Would you copy the records below, exactly and only from their first line through the line containing "Geraldine Chaplin and", without any pictures?

'''

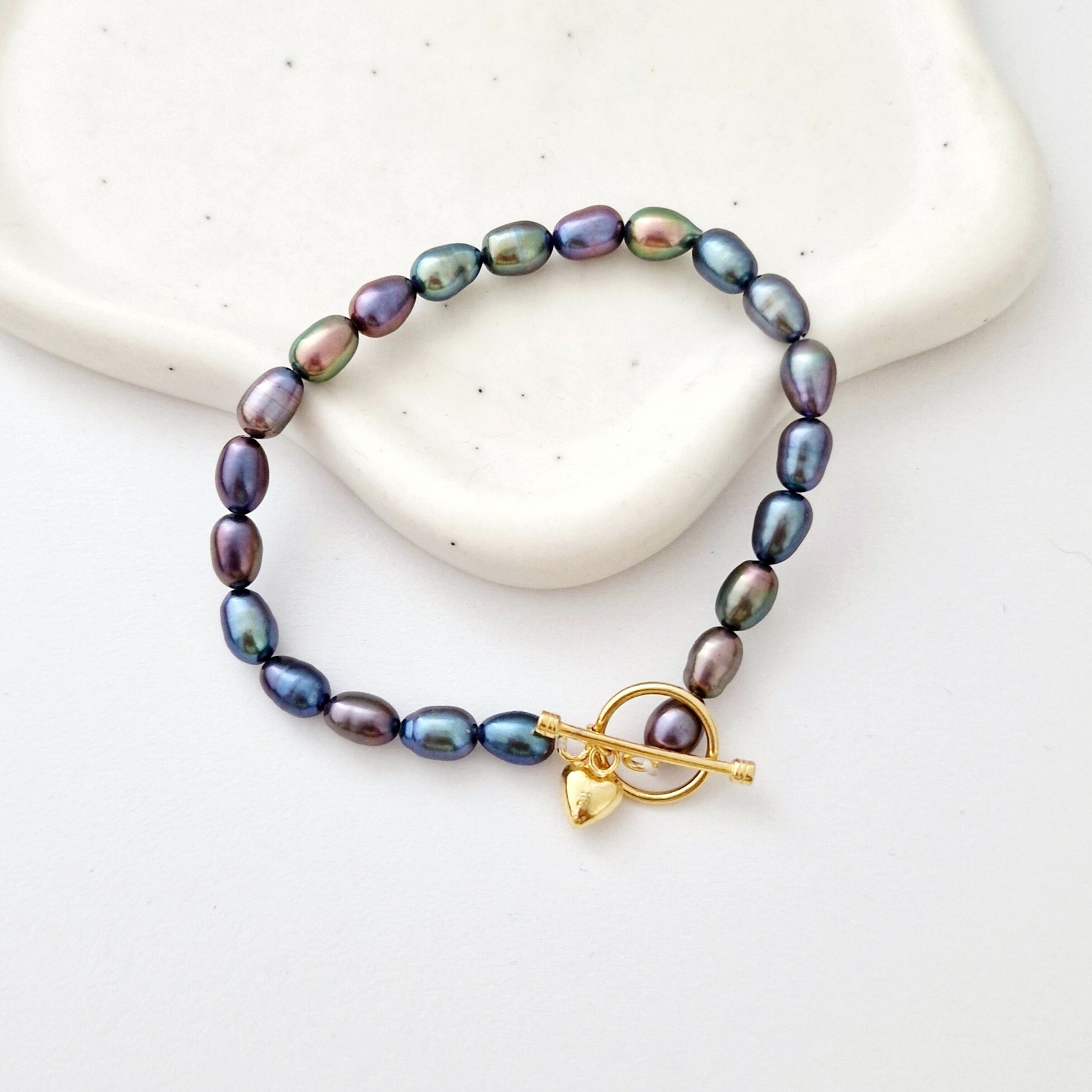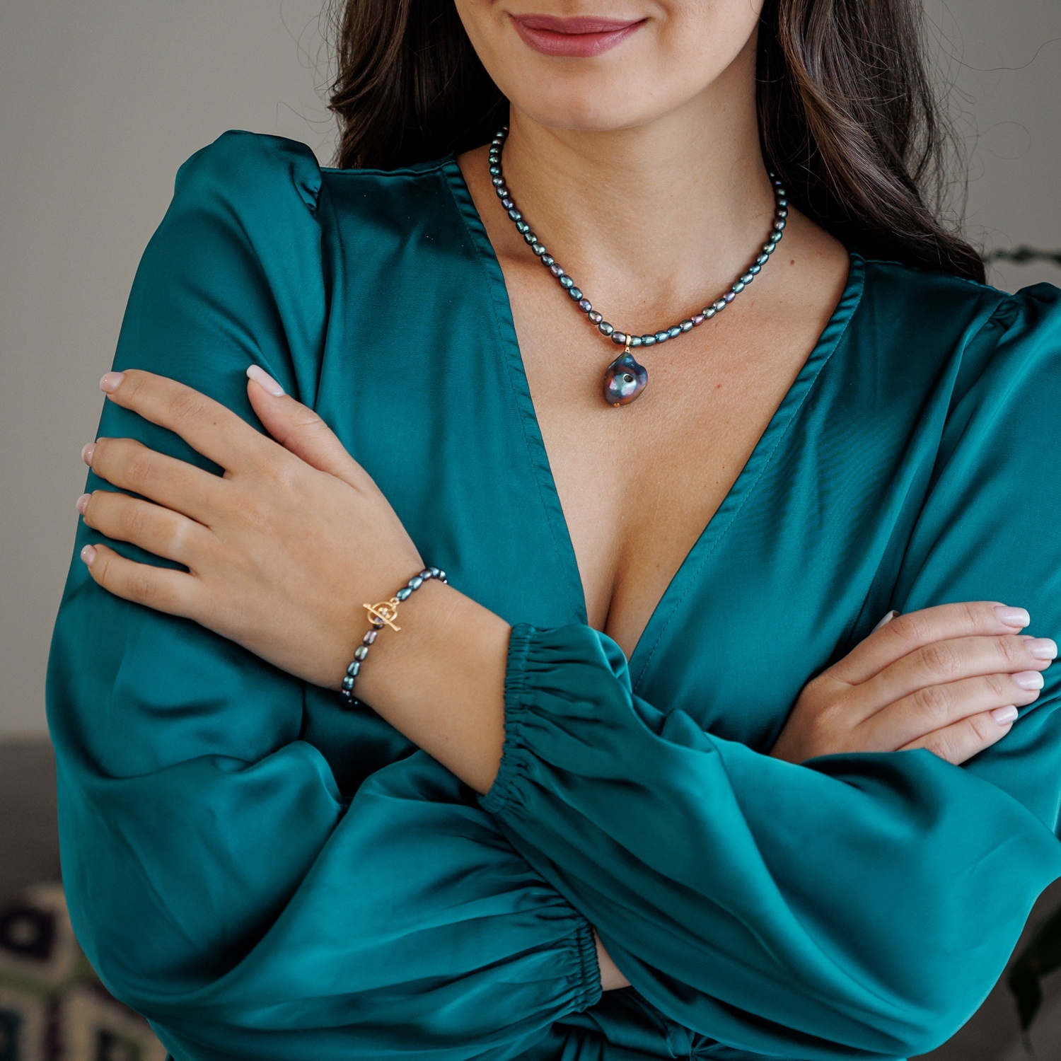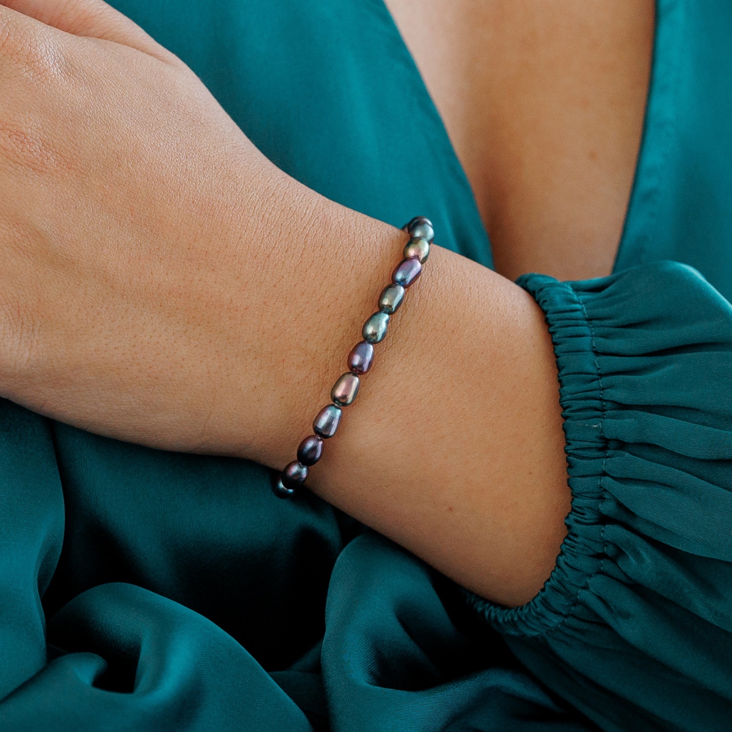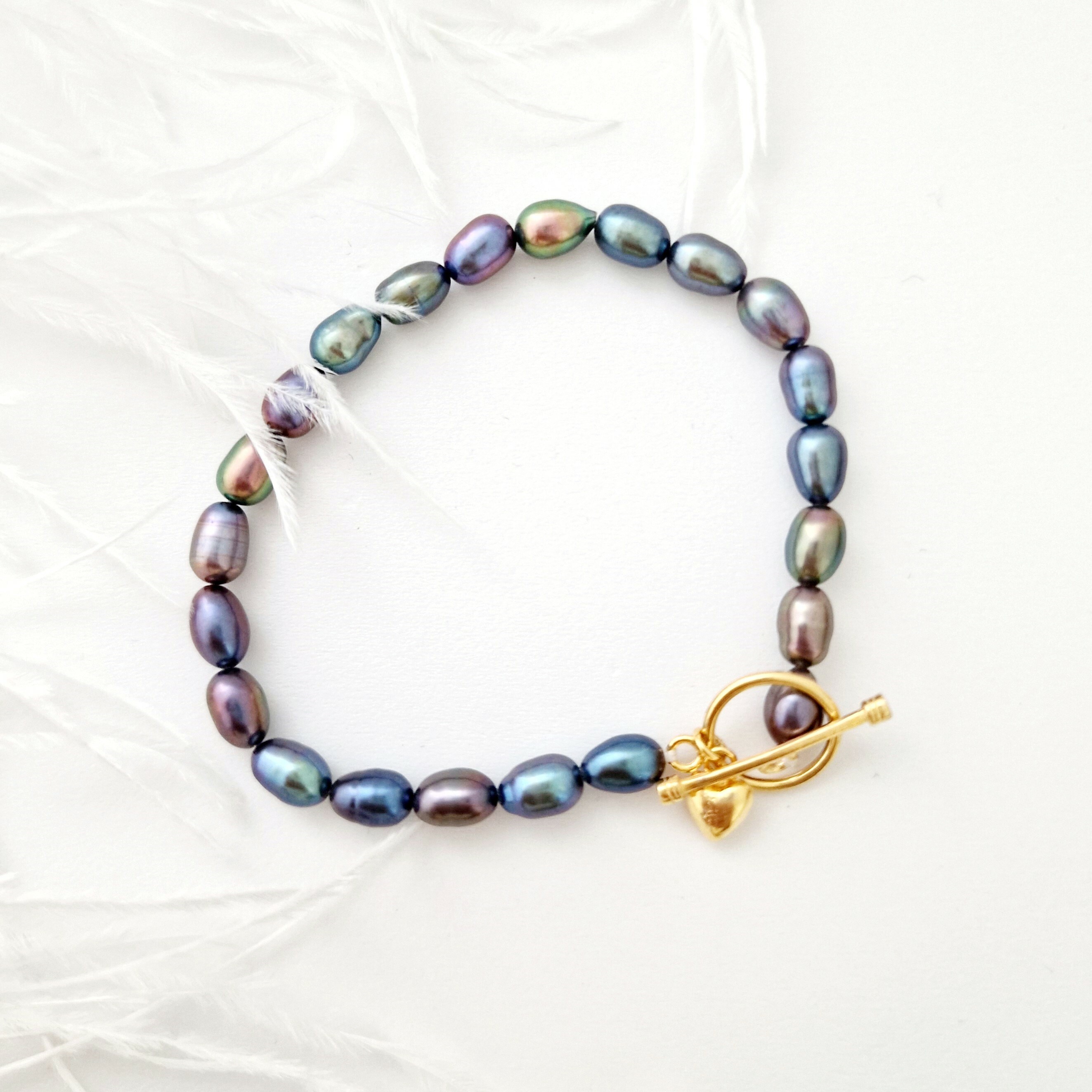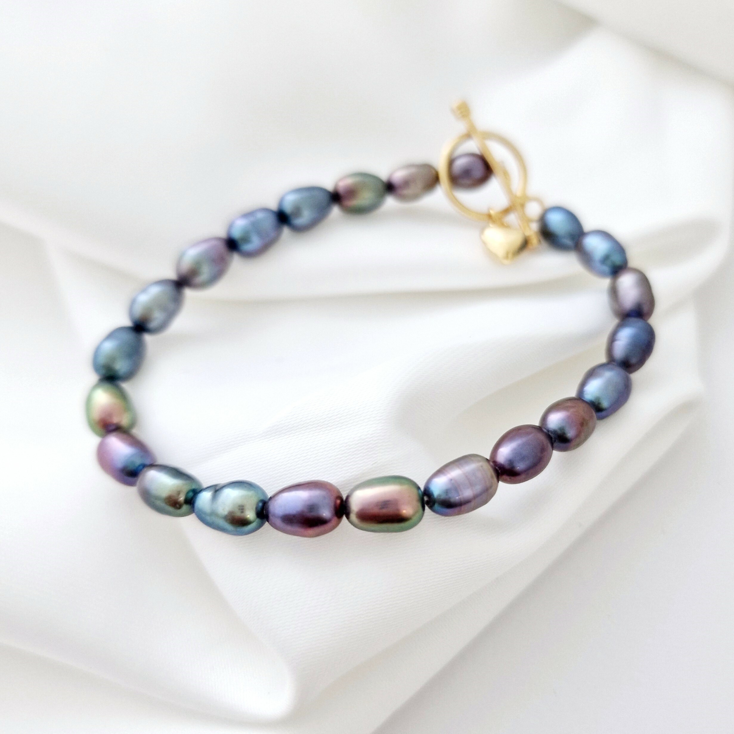 Bratara cu Perle - model sirag de perle rice peacock de apa dulce - Argint 925 placat cu Aur Galben 18K
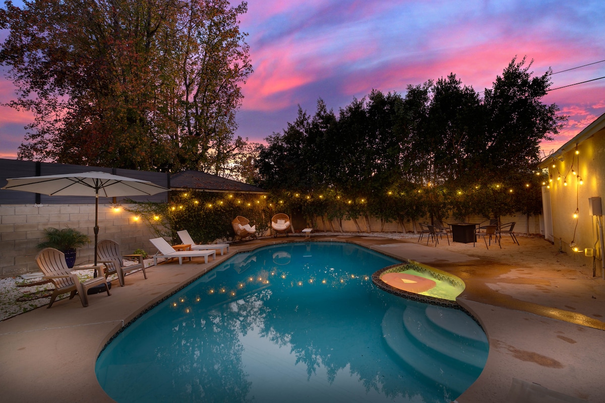 Unique, stylish, and luxe Villa located in the heart of Studio city Easy access to Westside, shopping & dining on the blvd. Views! Special features include a sparkling heated pool and spa, indoor and outdoor firepit, chef's kitchen, and spacious bedrooms with designer bathrooms. Hardwood Floors and recessed lighting as well as our seamless check-in via personalized key code. There is always someone available to help with questions to make your stay an effortless and magical experience!
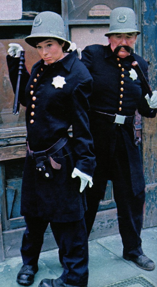 Geraldine Chaplin and Dick Talmadge dressed as Keystone Cops for their uncredited cameos—probably less than five seconds of screen time and if either actually appear in the film, they’re unrecognizable—in Casino Royale. 1967.
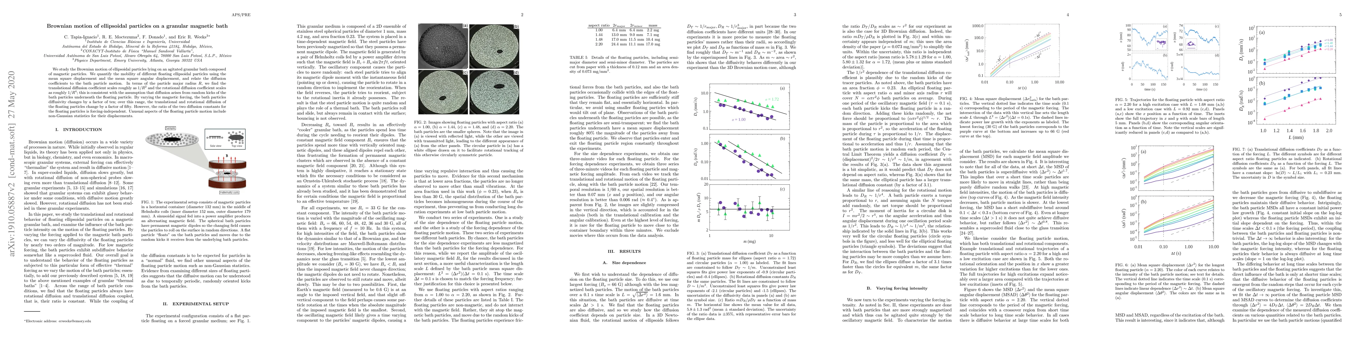 This study examines the Brownian motion of ellipsoidal particles on a magnetic granular bath, finding that translational diffusion scales with 1/R^2 and rotational diffusion with 1/R^4, where R is the major radius. Despite varying magnetic forcing altering bath particles' diffusivity by tenfold, floating particle diffusion changes by fifty times, while their diffusion ratio remains constant. Anomalous non-Gaussian displacement statistics are also noted.
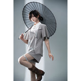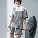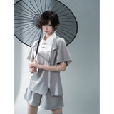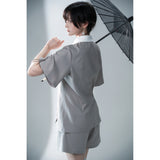 仙人になるための修行を行う架空世界。異国の薫りが漂うチャイナっぽさが魅力のトップスとハーフパンツ。トップスはサイドにジップアップが装飾された独創的なシルエット。唯一無二の個性を纏って。
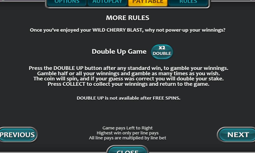 Wild Cherry Blast es una tragaperras lanzada por el proveedor Nucleus Gaming en 2019. La tragaperras online cuenta con animaciones vivas y brillantes, gráficos nítidos y una jugabilidad agradable. Su temática gira en torno a la explosión de bombas de cereza, así como de otras frutas. El juego utiliza una mecánica de pago estándar en líneas fijas y también ofrece interesantes tiradas gratuitas. Gracias a las ganancias frecuentes y a una bonificación por buy-in, los usuarios pueden recibir recompensas con regularidad, reponiendo rápidamente sus fondos.
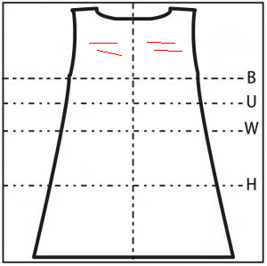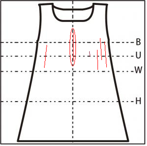 全体的にゆとりがあり、特にバスト部分は大きく感じる。脇周りはちょうど良い。
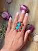Red Coral & Kingman Turquoise Sterling Silver Ring – Adjustable

'''

■ **Your response**:
 Bratara cu Perle - model sirag de perle rice peacock de apa dulce - Argint 925 placat cu Aur Galben 18K
 Unique, stylish, and luxe Villa located in the heart of Studio city Easy access to Westside, shopping & dining on the blvd. Views! Special features include a sparkling heated pool and spa, indoor and outdoor firepit, chef's kitchen, and spacious bedrooms with designer bathrooms. Hardwood Floors and recessed lighting as well as our seamless check-in via personalized key code. There is always someone available to help with questions to make your stay an effortless and magical experience!
 Geraldine Chaplin and Dick Talmadge dressed as Keystone Cops for their uncredited cameos—probably less than five seconds of screen time and if either actually appear in the film, they’re unrecognizable—in Casino Royale. 1967.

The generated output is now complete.